*DATA FOR ANALYSIS:*
○ ○ ○ ○ ○

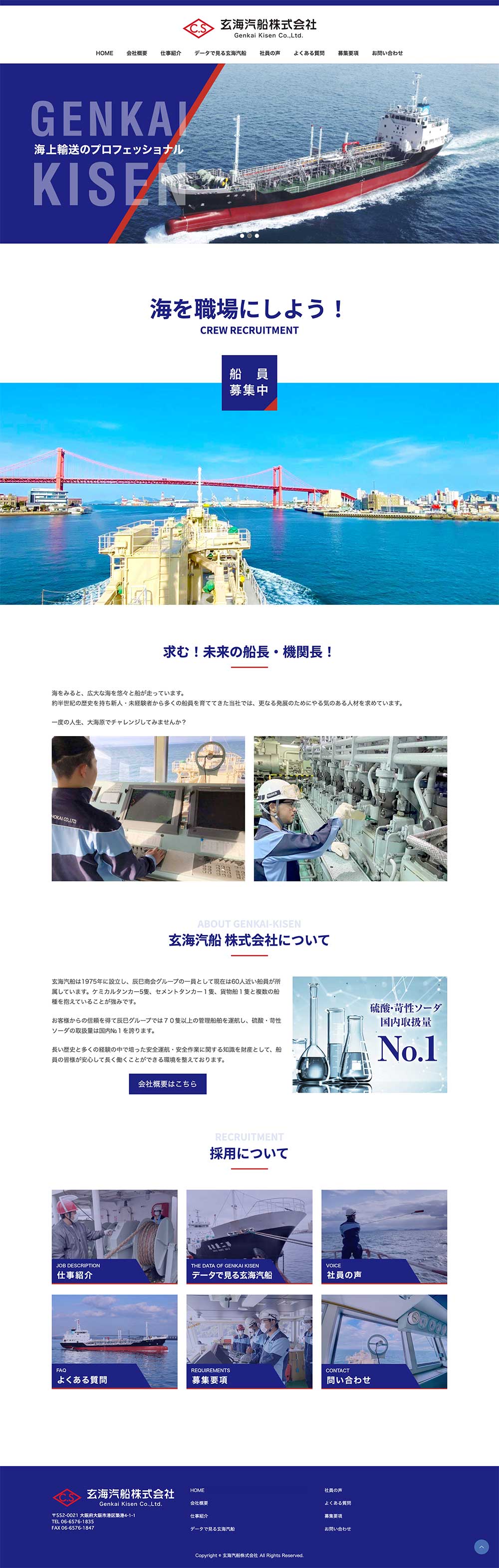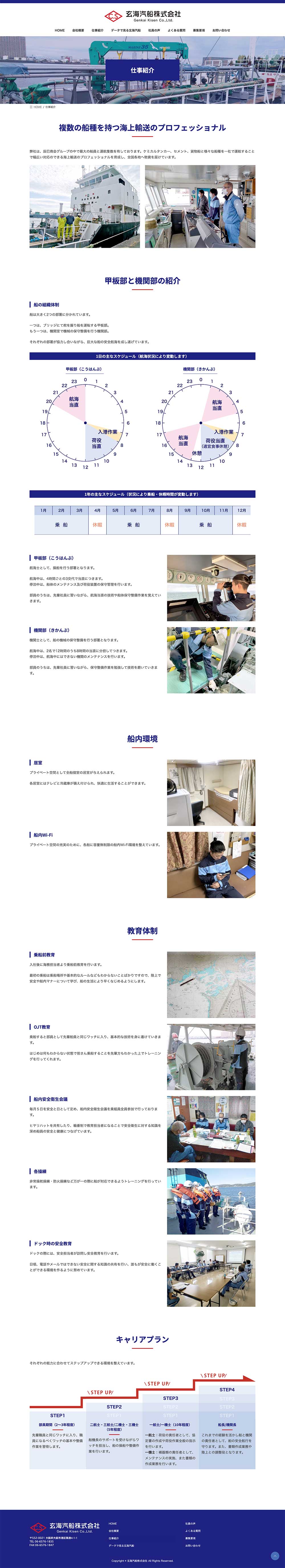 海上輸送会社様より、主に学生向けの採用案内パンフレットと採用サイトの作成依頼をいただきました。採用サイトについては具体的にイメージされている形があるとのことで、そういったご要望をお伺いしながらワイヤーフレームを作成しました。独自の迫力ある機械の写真や海上の写真をたくさん保有されておりましたので、積極的に写真を使用し、リアルな空気が感じられるように心がけました。
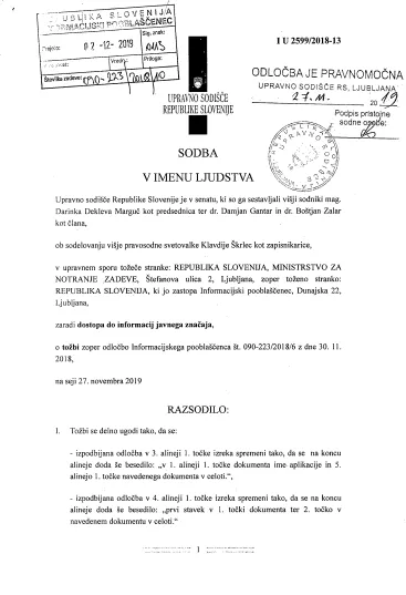 13. MINISTRSTVO ZA NOTRANJE ZADEVE (2019)
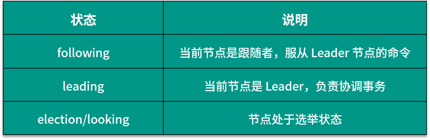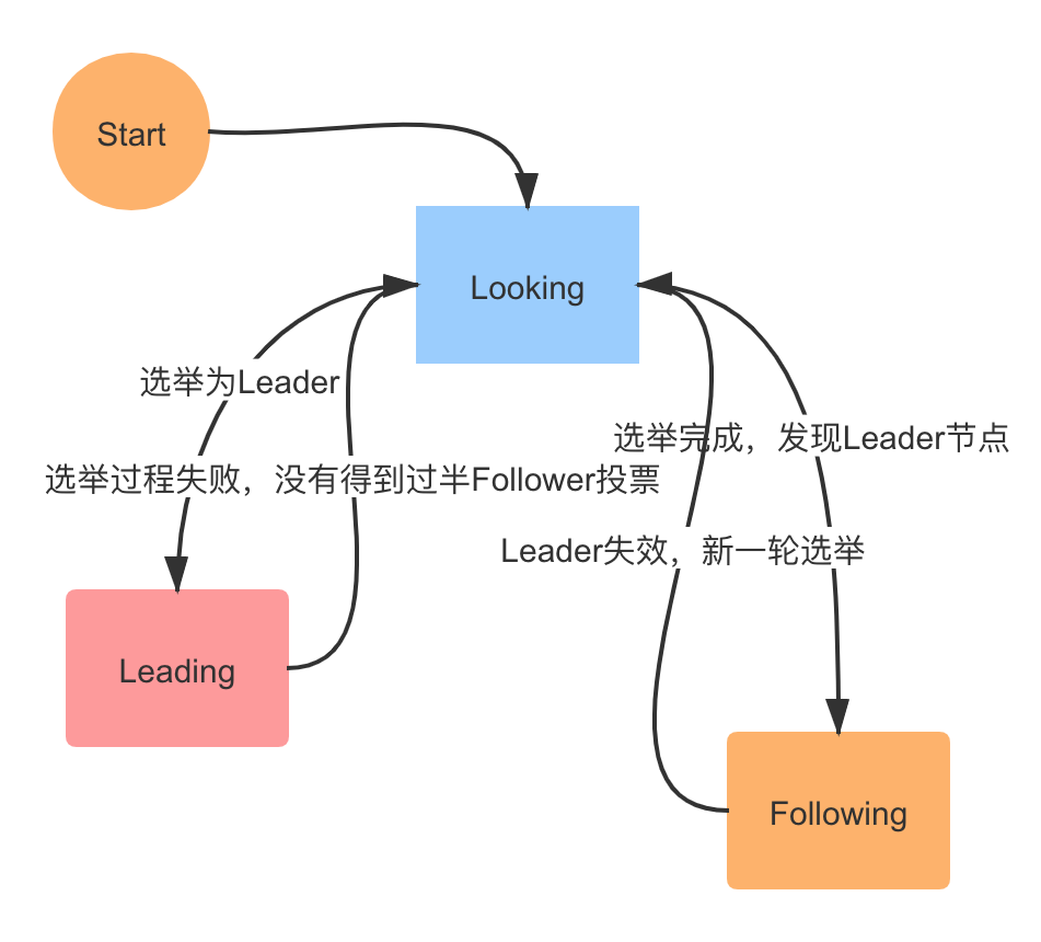 Zab 中的节点有三种状态,伴随着的 Zab 不同阶段的转换,节点状态也在变化:
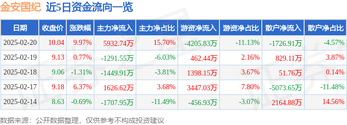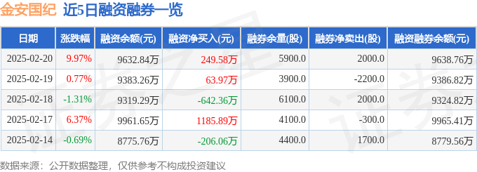 证券之星消息,截至2025年2月20日收盘,金安国纪(002636)报收于10.04元,上涨9.97%,涨停,换手率5.52%,成交量39.95万手,成交额3.78亿元。
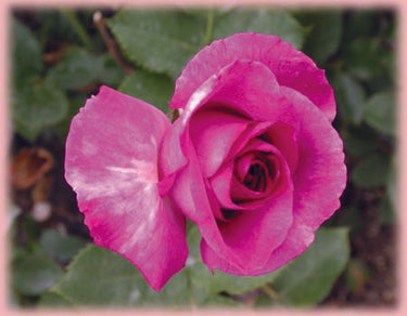 Close-up of a vibrant pink rose with green leaves in the background
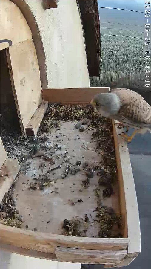 video - 09h21 the female arrives with a vole and a chick at the entrance grabs it
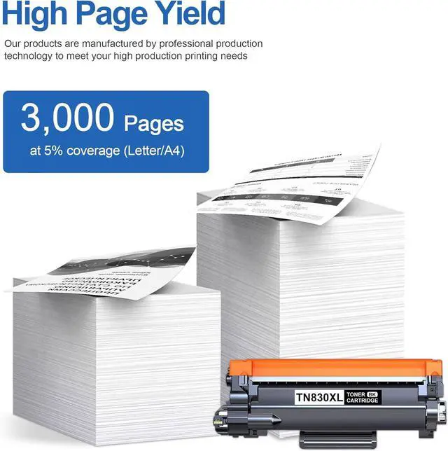 High Page Yield: Per TN830XL Toner Cartridge can print 3,000 Pages at 5% coverage (Letter/A4)
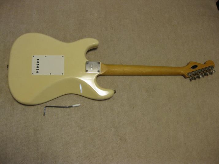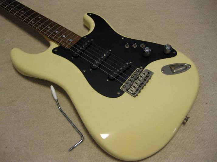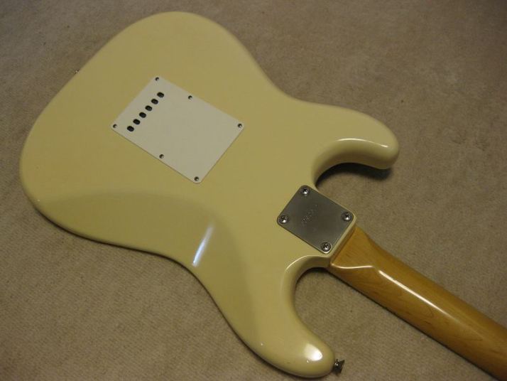 | GRECO SE-600J 1979.11 Fujigen made Jeff Beck Model This is pretty good condition Jeff Beck model SE-600J. The first model was made in 1978-1979. The line up was SE-800, SE-600 and SE-500. SE-800 has the Dimarzio PU on Bridge position. This SE-600J is 1979 made, but November made was already changed to the new specification compare with early SE-600J. The difference are: 1) Pick Ups PU-119 to PU-S8 2) Tuner SD81-05M to MH-S8 3) Tremolo Unit BR-2050 to TP-S6(block and bridge plate are separate type) 4) Bridge saddle Narrow Cast type to Press Steel Wide type This model is more detailed replica model. The body is probably SEN 3P. The neck is Maple 1P + Rose FB. The weight is 3.53Kg and 42.25 nut width. The neck grip is a bit soft V shape (Not really, but could feel it). All original condition without serious dents and scratches. However, this is 32 years old guitar. Please do not except the brand new guitar. Well, pretty good condition guitar. We will ship the guitar with used Gig bag. Enjoy JV guitar! |

○ ○ ○ ○ ○

*YOUR ASSIGNMENT:*
Both the first line of the records above and the line containing "High Page Yield: Per" belong in the copy; please return them and every line between, exactly, minus the pictures.

*WRITTEN RESPONSE:*
 海上輸送会社様より、主に学生向けの採用案内パンフレットと採用サイトの作成依頼をいただきました。採用サイトについては具体的にイメージされている形があるとのことで、そういったご要望をお伺いしながらワイヤーフレームを作成しました。独自の迫力ある機械の写真や海上の写真をたくさん保有されておりましたので、積極的に写真を使用し、リアルな空気が感じられるように心がけました。
 13. MINISTRSTVO ZA NOTRANJE ZADEVE (2019)
 Zab 中的节点有三种状态,伴随着的 Zab 不同阶段的转换,节点状态也在变化:
 证券之星消息,截至2025年2月20日收盘,金安国纪(002636)报收于10.04元,上涨9.97%,涨停,换手率5.52%,成交量39.95万手,成交额3.78亿元。
 Close-up of a vibrant pink rose with green leaves in the background
 video - 09h21 the female arrives with a vole and a chick at the entrance grabs it
 High Page Yield: Per TN830XL Toner Cartridge can print 3,000 Pages at 5% coverage (Letter/A4)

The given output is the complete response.